Exercise description ▸ Please copy the data below exactly, from its first line through the line holding "AMI Alexandre Mattiussi", and skip the pictures.

_ _ _

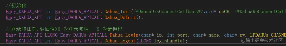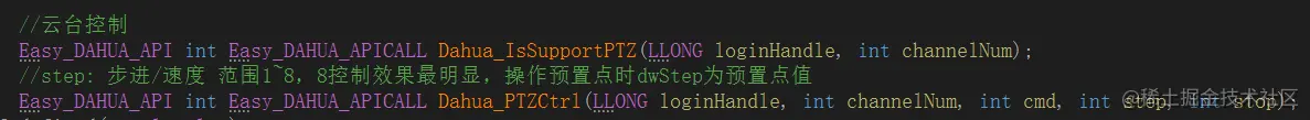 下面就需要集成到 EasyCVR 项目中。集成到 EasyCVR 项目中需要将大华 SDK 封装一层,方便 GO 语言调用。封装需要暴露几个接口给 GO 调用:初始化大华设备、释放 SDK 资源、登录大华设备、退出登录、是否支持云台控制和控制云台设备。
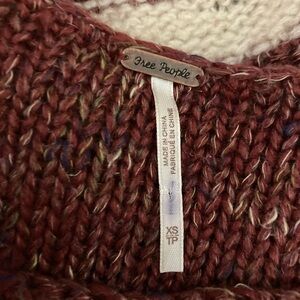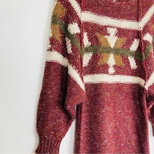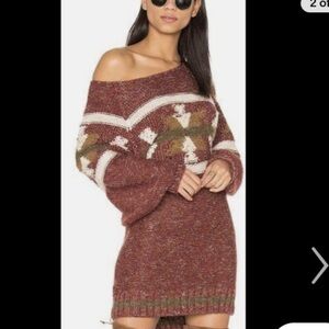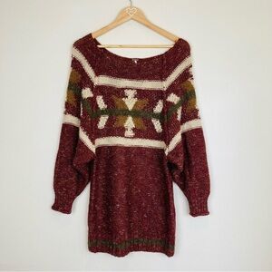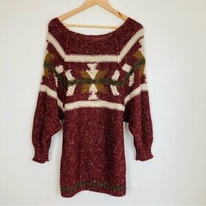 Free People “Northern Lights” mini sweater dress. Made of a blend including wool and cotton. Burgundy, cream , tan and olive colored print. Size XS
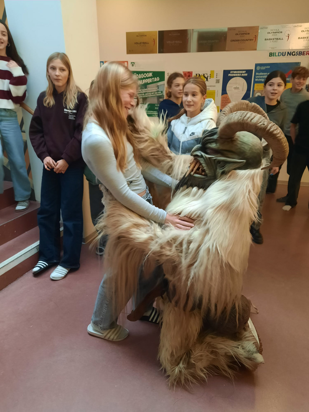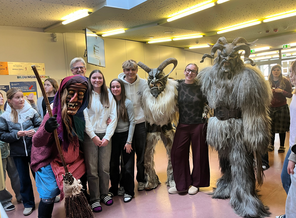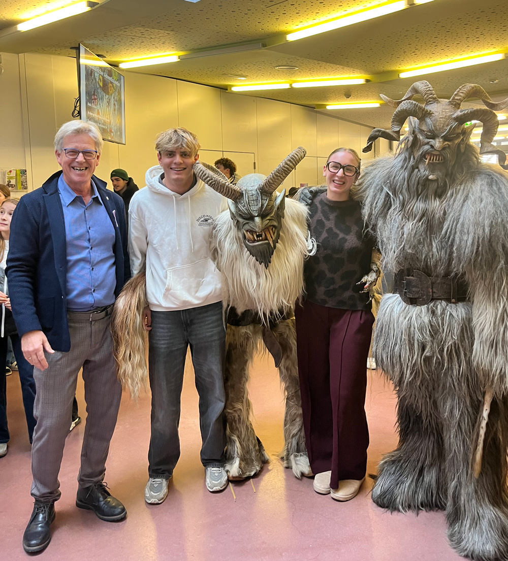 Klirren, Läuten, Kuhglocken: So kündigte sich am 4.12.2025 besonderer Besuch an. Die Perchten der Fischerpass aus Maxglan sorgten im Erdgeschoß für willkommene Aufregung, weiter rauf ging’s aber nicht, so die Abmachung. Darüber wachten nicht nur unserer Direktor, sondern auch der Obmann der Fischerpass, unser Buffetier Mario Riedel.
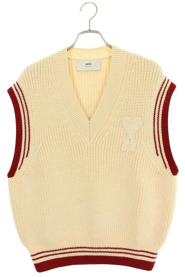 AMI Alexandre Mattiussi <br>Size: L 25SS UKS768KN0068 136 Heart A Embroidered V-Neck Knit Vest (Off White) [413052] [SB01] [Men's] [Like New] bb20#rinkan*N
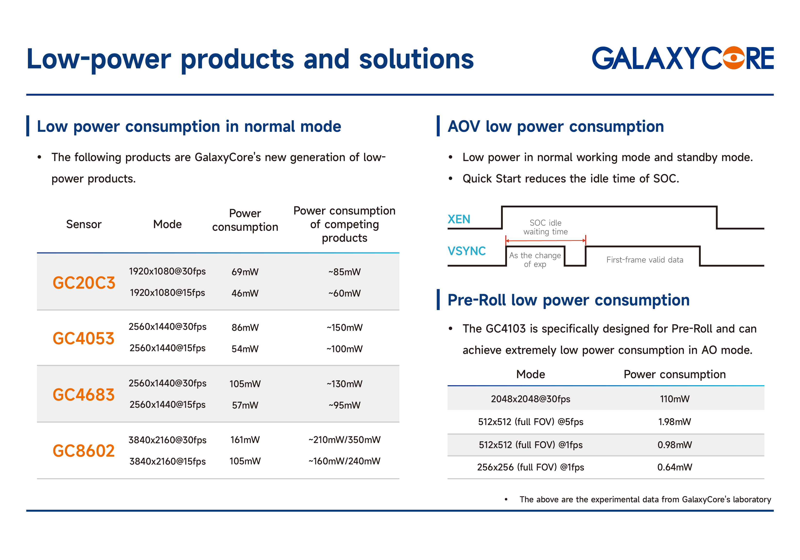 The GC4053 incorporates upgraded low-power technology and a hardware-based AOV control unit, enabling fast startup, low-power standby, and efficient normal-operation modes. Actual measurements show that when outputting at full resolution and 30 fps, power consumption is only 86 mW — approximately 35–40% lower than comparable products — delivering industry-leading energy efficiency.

_ _ _

Solved exercise ▸
 下面就需要集成到 EasyCVR 项目中。集成到 EasyCVR 项目中需要将大华 SDK 封装一层,方便 GO 语言调用。封装需要暴露几个接口给 GO 调用:初始化大华设备、释放 SDK 资源、登录大华设备、退出登录、是否支持云台控制和控制云台设备。
 Free People “Northern Lights” mini sweater dress. Made of a blend including wool and cotton. Burgundy, cream , tan and olive colored print. Size XS
 Klirren, Läuten, Kuhglocken: So kündigte sich am 4.12.2025 besonderer Besuch an. Die Perchten der Fischerpass aus Maxglan sorgten im Erdgeschoß für willkommene Aufregung, weiter rauf ging’s aber nicht, so die Abmachung. Darüber wachten nicht nur unserer Direktor, sondern auch der Obmann der Fischerpass, unser Buffetier Mario Riedel.
 AMI Alexandre Mattiussi <br>Size: L 25SS UKS768KN0068 136 Heart A Embroidered V-Neck Knit Vest (Off White) [413052] [SB01] [Men's] [Like New] bb20#rinkan*N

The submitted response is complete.